# Trucker's Favorite yellow corn



## clamjane (Sep 5, 2005)

Have any of you grown this corn before? I am down here in the South and have expanded my garden enough to grow corn this year. This is a field corn that grows 8 to 9 feet tall and is supposed to grow well in the heat down here.

How does it taste?


----------



## Guest (Mar 27, 2010)

After growing such fantastic corn as "Incredible", "|honey and pearl" etc, "Truckers favorite" seems more like a feed corn for livestock to me. I like to walk out in the garden around 10:00 AM, shuck a corn and eat it right on the spot. if it don't taste real good then, I'd not bother with it again. On the other hand, I can get the "truckers favorite" seeds for about 75cents a pound, incredible is finally down around 10 dollars a pound.


----------



## airmont (Feb 12, 2009)

I grew alot of it last year. It seemed more along the line of hickory king.
I don't like sweet corn so it was good for me, but not the rest of the family. It was especially good roasted. 
It also made great homemade cornmeal.

Don


----------



## debbiekatiesmom (Feb 24, 2009)

i, too, have eaten hickory king years ago and liked it. made great cream corn. my ex-fil used to have meal made from it. i believe you can make hominy from it also.


----------



## Randy Rooster (Dec 14, 2004)

I bought some of the truckers white through shumways and hope to grow it for livestock and bird feed- we shall see what the deer and racoons think about the idea


----------



## deaconjim (Oct 31, 2005)

My dad grew TF when I was a kid, and we loved it.


----------



## bak2tn (Dec 19, 2007)

I am growing it this year to replace hickory king for my cornmeal. My grinder tends to jam with the hickory king because it is so large. I bought some untreated seed for truckers favorite and it ground fine. Tastes good as well.
I am also trying painted mountain flour corn as well.


----------



## airmont (Feb 12, 2009)

bak2tn said:


> I am also trying painted mountain flour corn as well.
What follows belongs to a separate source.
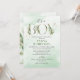 Convite de chá de bebê menino verde botânico elegante com um lindo fundo verde aguado aquarela, bela folhagem rústica verde enrolada em torno da palavra "MENINO", respingos de glitter dourado e um modelo de celebração de chá de bebê moderno e fácil de personalizar.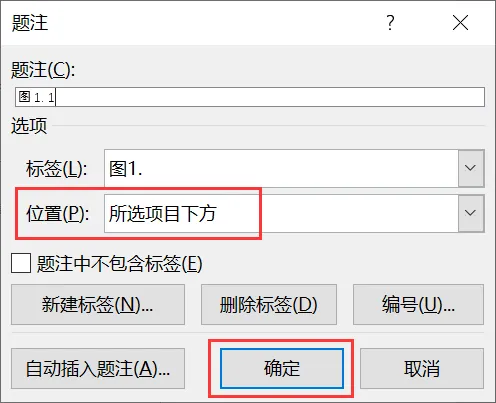 6️⃣ 因图题位于图的下方,我们在“题注”对话框中,从“位置”下拉菜单中,选择“所选项目下方”。最后点击“确定”按钮。

I tried it here in East Tn also, but the raccoons liked it so much they eliminated the whole crop and left the other corn:flame:


----------



## bak2tn (Dec 19, 2007)

airmont said:


> I tried it here in East Tn also, but the raccoons liked it so much they eliminated the whole crop and left the other corn:flame:


Sorry to hear that. Might have to get a solar fence charger.


----------



## manygoatsnmore (Feb 12, 2005)

Bumping this thread to ask: Is Trucker's Favorite White Corn a hybrid or OP? I find it listed both ways and am confused. I just bought some from Henry Fields on their $25 off coupon ( just pay shipping), and am not sure if I can save seed and have it grow true next year.


----------



## geo in mi (Nov 14, 2008)

manygoatsnmore said:


> Bumping this thread to ask: Is Trucker's Favorite White Corn a hybrid or OP? I find it listed both ways and am confused. I just bought some from Henry Fields on their $25 off coupon ( just pay shipping), and am not sure if I can save seed and have it grow true next year.


Some catalogs will list Truckers favorite as a Plant Protected Variety, with the PPV No. listed. It means that it has been given a protected designation by the USDA as a separate variety from all other corns, and can only be sold by, or through the original developer. It is most usually a variety that was found as a mutant of an original, then developed by selection or hybridizing, then backcrossing to form a stable OP variety, original and true to itself. You can save the seeds and replant it next year as you would an OP variety--Legally, you could not offer it for sale. I'm not sure just how long the variety protection lasts, or if it can be renewed like a copyright... See the original law for clarification: http://www.ams.usda.gov/AMSv1.0/getfile?dDocName=STELDEV3002796

geo


----------



## HermitJohn (May 10, 2002)

I think it depends a lot on what you grew up with in your family. I am not all that fond of dent corn 'roastin ears' with very little sweetness. But on other hand I dont like the super sweets that are mostly sugar and very little corn flavor. I like the old OP sweet corns or the old hybrids that are very simular to the OPs. Trouble with the old hybrids is that they get discontinued as newer varieties take their place and you cant save your own seed. 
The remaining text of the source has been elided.